Halfords has appointed Jess Jones as Director of Fleet Solutions, effective 1 April 2026, as it targets growth in fleet servicing through its national garage footprint. For the tyre trade, the appointment carries clear commercial weight: Fleet Solutions decisions shape how tyres are specified, sourced and fitted at scale, particularly where downtime and compliance are managed under a single contract.
Jones joins Halfords from Sixt UK, where she served as Sales Director. Before that, she held the role of Director of National Fleet Sales at ATS Euromaster, a background that will be well recognised across the tyre supply chain. ATS has long been a leading player in fleet tyre and servicing, maintenance and repair (SMR) delivery, so Jones brings direct experience of the operational demands that large fleet accounts place on national service networks.

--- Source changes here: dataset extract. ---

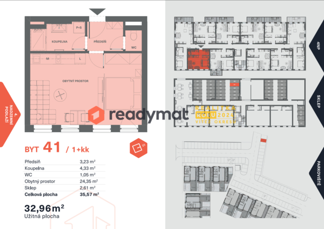 • 1+kk/32,9 m² užitné plochy, sklep 2,61 m²

Halfords is positioning Fleet Solutions as a growth engine that links fleets to its garage estate through bundled maintenance and mobility support. In practice, this draws tyres into a broader uptime proposition, where pricing, service level agreements and reporting sit alongside mechanical work rather than being treated as a separate purchase.

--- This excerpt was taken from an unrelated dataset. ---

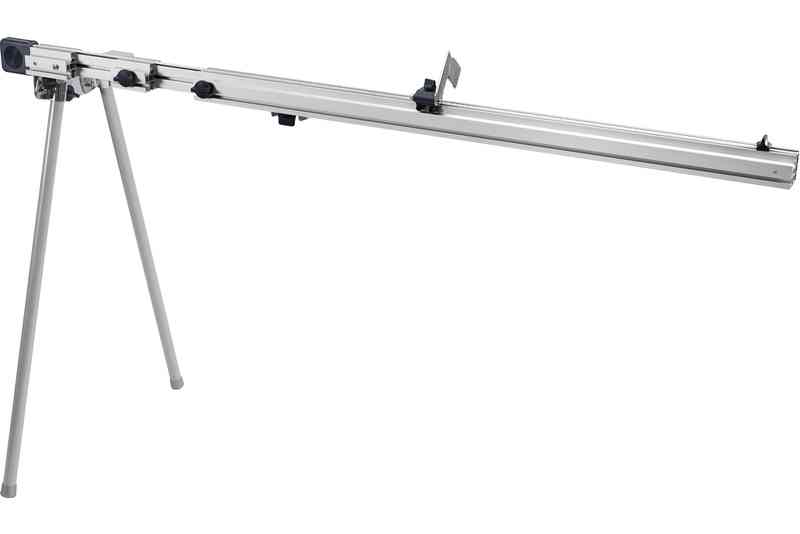 A escala de medidas integrada e o posicionador permitem cortes repetíveis com precisão de 1200 - 2050 mm|O prolongamento telescópico com escala adequa-se para peças a trabalhar mais compridas até 2,40 m|O batente pode ser utilizado com e sem bancada esquadrejadeira|É possível uma utilização de ambos os lados

Adam Pay, Managing Director of Garages at Halfords, framed the appointment firmly around the pressures fleet customers are facing. He described fleet as "a significant growth opportunity for Halfords" and highlighted that the company's national scale and service capability place it in a strong position to support customers dealing with rising cost pressures and growing operational complexity.
Jones echoed that confidence, saying she is joining the business at "such an exciting point in its growth" and pointing to real potential in fleet by combining a well-known consumer brand with a national servicing network. She said she intends to develop a customer-focused fleet offering that builds on both strengths.
Leadership changes in fleet solutions matter when they shift how maintenance is packaged and procured. If Halfords leans harder into consolidated service contracts under Jones, tyre work could move in three meaningful directions.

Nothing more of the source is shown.